The past of the Democratic Party has been to be very good when they unite, but getting them to unite has been difficult, and so they suck a lot of the time.
The Left, as a whole, is even more fractious – witness the Truman-era infighting that surrounded the whole Sanders v Clinton rigmarole. And a truism of the Left is that it is never just the Democratic party.
It doesn’t matter who you voted for or why you voted for them or who you voted against and why you did that anymore: we lost.
We lost because we do not agree on what it means to be a Left person, to be a progressive or moderate or centrist or radical whatever.
There are so called radicals that cry out nasty things about Liberals and the Democratic party and then suggest things that are flatly unconstitutional. On the Left.
There are things that are cried out out about how we need to change the economic system, and *this is the system we need to use*, but never think about the impact of that change or how it would set us apart form other nations, isolating us. Which brings further problems.
I don’t mind any of that. There is a belief — and I use that word very precisely — of mine that I follow that says that nothing of any consequence is done by one person alone.
It always takes at least two. Some have called it co-dependent, to be frank, though it doesn’t meet the criteria for such.
It is the basis of being able to work with others — and especially with people who are not like you in their background and their outlook. When you are working along political lines, it means looking for what you have in common instead of looking at what separates you.

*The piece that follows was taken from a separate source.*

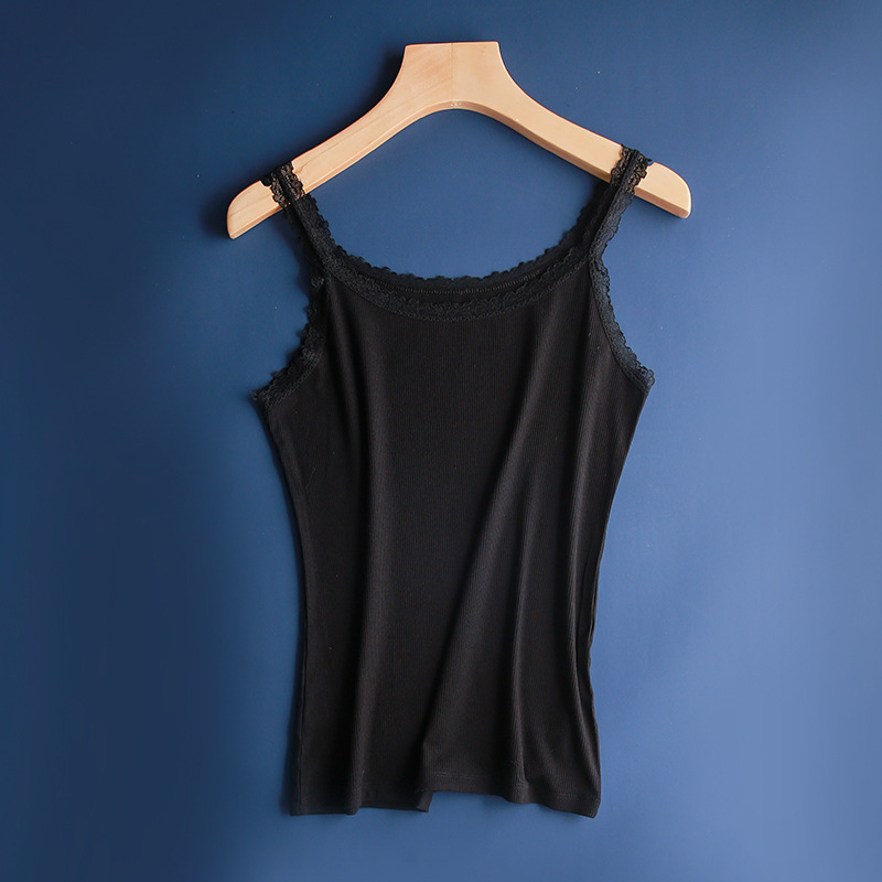 실크 코튼 레이스 셔츠 2020 여름 새로운 높은 탄성 클래식 모든 매치 조끼 여성용 블랙 화이트스토어 가기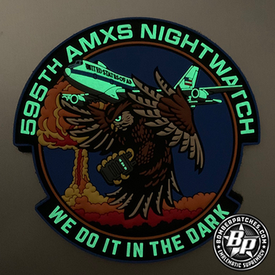 Designed and produced for the 595th AMXS, Offut AFB, NE. 4″ tall x 4″ wide, 3D and glow in the dark detail, hook back.

That bit is important, because if you do not look at what you have in common, all you ever see is what separates you, and you end up giving away your power to a fringe group that elects a complete and utter nightmare for your side.
This happened in 1860.
Past is prologue — people are wondering why I would bring up the election of Abraham Lincoln as a nightmare. Which is joined by the fact that most folks are not going to be reading this on the day it is published.
When the Left does get together and present a unified front, it is almost always at the federal level — they have, over the years, turned into Federalists, and most of them don’t know what that means.
But think they do.
But we have to, once more, do this, and that is why I am harping about Human Rights as our unifying principle.
Because it is why we advocate for so much stuff. Human rights are the way we can link arms and overcome and overpower and overwhelm the opposition because the thing that unites us is what they are opposed to: thinking about people who are not like them an giving a damn about other people.
That thing is human rights. There is no one on the left who does not find that point in common, and it underlies all the divisions within the party.
It also underlies all the core ideals and ideas that founded this nation — despite their ignorance at the time of the damn foolishness of what they were doing when it came to other human beings.
This is *always* the bright line I draw: dyssonance.com/on-the-line/
Human Rights are the radical, moral, ethical solution.
Where’s your line?
Past is prologue — we took this nation by force, freeing the people who did not really want to be free at first from a tyrant who was mendacious and bellicose and “told it like it is” named King.
We can, and will, do it again, by using the same thing they used: Human Rights. The idea that people are granted certain inalienable rights.
Human Rights as a calling card today means knowing them, and then sticking to them.
It is never easy to hold to — all the more reason they need to be made the basis of the nation, state, county, city.
This is truly radical. More radical than people fully realize.
Make this the basis of law and justice and we change the fundamental basis of economy, of liberty, of employment and business — everything.
With this we can end poverty, homelessness, hunger — the things that make our lives harder and worse. Really. More innovation, more jobs.
People snort, but haven’t read the rights, and haven’t thought about them, because that’s not how we do things now. Yet it is how we should.
We should not be arguing “should we” — that is saying you do not care.
We should be arguing “how do we”, not “we can’t”.
Human Rights are the solution to these ills of hunger, poverty, homelessness, inequality, oppression, injustice.
Because rights are the soul of US; they are the legacy we have been given, the promise we have fought against fulfilling, and now is our time to do so, our time to make this real, not abstract.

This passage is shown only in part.